The trivia (singular trivium) are three lower Artes Liberales, i.e. grammar, logic, and rhetoric. These were the topics of basic education, foundational to the quadrivia of higher education, and hence the material of basic education and an important building block for all undergraduates.
The ancient Romans used the word triviae to describe where one road split or forked into two roads. Triviae was formed from tri (three) and viae (roads) – literally meaning "three roads", and in transferred use "a public place" and hence the meaning "commonplace."[2]

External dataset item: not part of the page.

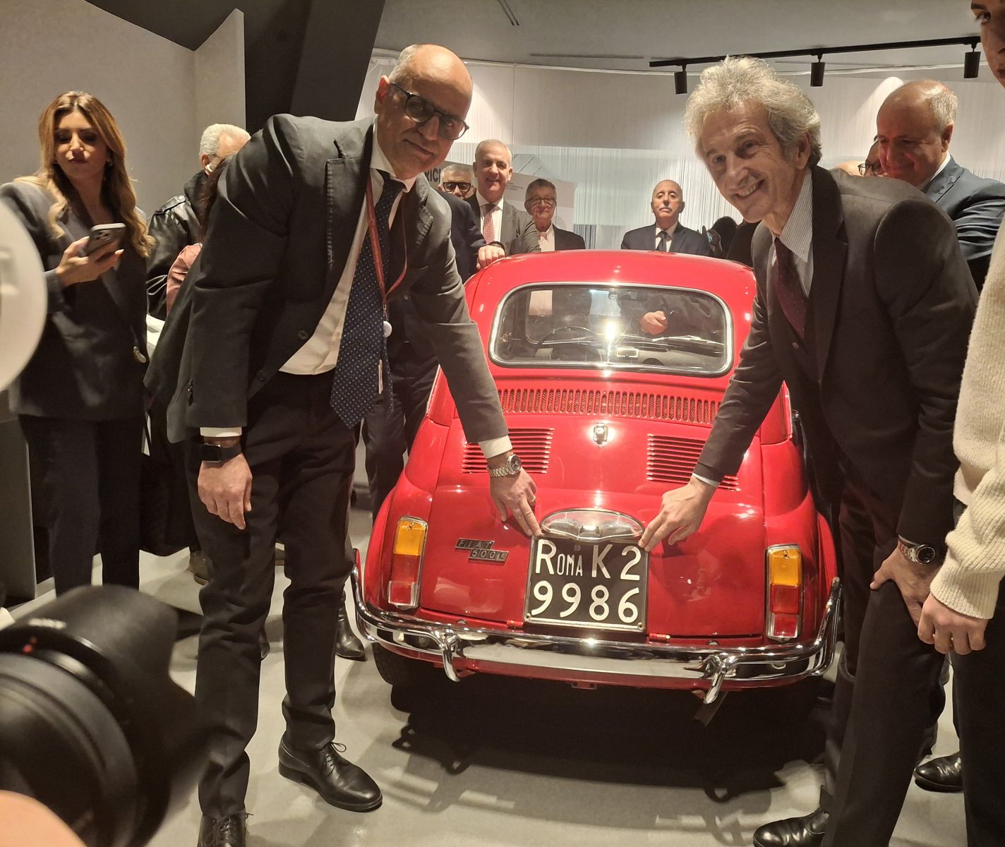 Una fiammante Fiat 500 rossa del 1972 è stata la prima vettura a ricevere oggi a Roma, in una cerimonia svolta all’Istituto Poligrafico e Zecca dello Stato, una delle nuove targhe prodotte grazie alla Circolare n. 33941/2025 del Ministero delle Infrastrutture e dei Trasporti. Costretta finora in una “quadrotta” dalla sigla “ZA”, la piccola di casa Fiat ha recuperato la targa dell’epoca sfoggiando un più coerente “Roma K2” con lettere bianche su fondo nero.

The pertaining adjective is triviālis. The adjective trivial was adopted in Early Modern English, while the noun trivium only appears in learned usage from the 19th century, in reference to the Artes Liberales and the plural trivia in the sense of "trivialities, trifles" only in the 20th century.[citation needed]

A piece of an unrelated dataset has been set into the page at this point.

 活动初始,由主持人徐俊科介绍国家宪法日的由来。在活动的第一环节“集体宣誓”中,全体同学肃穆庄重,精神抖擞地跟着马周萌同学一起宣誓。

The Latin adjective triviālis in Classical Latin besides its literal meaning could have the meaning "appropriate to the street corner, commonplace, vulgar." In late Latin, it could also simply mean "triple." In medieval Latin, it came to refer to the lower division of the Artes Liberales, namely grammar, rhetoric, and logic. (The other four Liberal Arts were the quadrivium, namely arithmetic, geometry, music, and astronomy, which were more challenging.) Hence, trivial in this sense would have meant "of interest only to an undergraduate.